In its recent opinion in Raymond James & Associates Inc. v. Jalbert (In re German Pellets Louisiana LLC), 23-30040, 2024 WL 339101 (5th Cir. Jan. 30, 2024), the Fifth Circuit held that a confirmed bankruptcy plan enjoined a party from asserting certain indemnification counterclaims against a plan trustee because the party did not file a proof of claim.
Background
Louisiana Pellets (LAP) sold bonds to raise money to build a multimillion-dollar facility to refine raw wood into specialized fuel pellets. Investment bank Raymond James & Associates, Inc. (RJA) purchased some of these bonds and resold them to investors by using bond-offering memoranda with statements provided by LAP. As part of the offering, LAP agreed to indemnify RJA for any untrue or misleading statements within those offering memoranda.
Soon after the wood-processing facility was completed, LAP encountered financial problems and filed a Chapter 11 bankruptcy case.
LAP did not schedule RJA as a creditor and thus RJA did not receive formal notice of the bankruptcy. However, RJA was aware of and monitored the bankruptcy case.
The bankruptcy case culminated in a confirmed Chapter 11 Plan of Reorganization, which appointed a trustee to liquidate LAP’s assets, including by filing any lawsuits by or on behalf of LAP.
The bondholders suffered significant losses as a result of the bankruptcy. The bondholders could, however, still seek to recover their losses from RJA on a theory that the offering memoranda contained false or misleading statements.
Instead of suing RJA directly, however, the bondholders assigned their claims against RJA to the liquidating trust. The liquidating trustee then sued RJA, alleging violations of securities laws. RJA responded by filing a counterclaim against the liquidating trustee asserting recoupment and setoff based on LPA’s contractual indemnification obligation to RJA.

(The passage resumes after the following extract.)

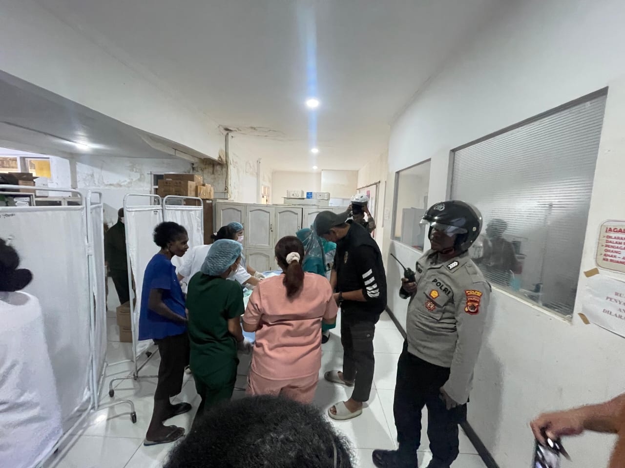 “Hasil pemeriksaan awal, bayi dalam keadaan hidup. Barang-barang yang turut diamankan berupa satu set baju bayi warna hijau, kain bayi warna putih, dan sebuah tas totebag warna biru. Saat ini bayi sudah ditangani pihak RSUD Yowari,” ujar Kasat Reskrim.

In response, the liquidation trustee filed an action in bankruptcy court asking for a declaratory judgment that (1) the confirmed plan specifically enjoined RJA’s assertion of setoff and recoupment; and (2) in any event, the liquidating trustee only assumed LAP’s assets, but not its liabilities/obligations. The bankruptcy and district courts both sided with the liquidating trustee, and RJA appealed to the Fifth Circuit.
Confirmed Plan Was Binding on RJA Because It Had Actual Knowledge of the Bankruptcy Proceeding
The first question the Fifth Circuit considered was whether RJA was bound by the terms of the confirmed plan, even though RJA was not scheduled as a creditor and was never provided formal notice of the bankruptcy case. The court held that it did.
The court first acknowledged that creditors who are not listed on the debtor’s schedule of creditors are generally not bound by a confirmed plan. However, the court cited an important caveat: “If an interested party has notice or actual knowledge of the bankruptcy, that party must “come forward and protect their enhanced rights or else lose their rights through the sweeping discharge of Chapter 11” (see Raymond James & Associates Inc. v. Jalbert (In re German Pellets Louisiana LLC), 23-30040, 2024 WL 339101, AT *4 (5th Cir. Jan. 30, 2024) (quotations, citations, and alterations omitted)).
Here, since RJA had actual knowledge of LAP’s bankruptcy case, it had to protect its interests in the case and was bound by the confirmed plan.
Most importantly, the confirmed plan had an injunction provision that permanently enjoined “all persons who have held, currently hold or may hold a debt” from “asserting any setoff, right of subrogation, surcharge, or recoupment of any kind against any obligation due the Debtors, the Reorganized Debtors, the Purchaser, their successors, heirs, executors, administrators, or assigns or their respective properties.” Based on this injunction, RJA could not use its indemnification claims as a setoff or recoupment against the claims asserted by the liquidating trustee.
Notably, the Fifth Circuit doubled down on its holding and reasoned that even if RJA’s setoff or recoupment claims survived, the liquidating trust would not be the proper party against which to seek indemnity. This followed a well-established rule that when bankruptcy plans create liquidating trusts, only the debtor’s assets are transferred to the trust, and the trust is a separate entity from the debtor and its bankruptcy estate.
Conclusion
Creditors need to be vigilant to protect their claims and defenses in bankruptcy, even if those claims are contingent upon some future event. In re German Pellets Louisiana LLC is a reminder of this simple truth: Parties with potential interests at stake in a bankruptcy case should not just sit on the sidelines.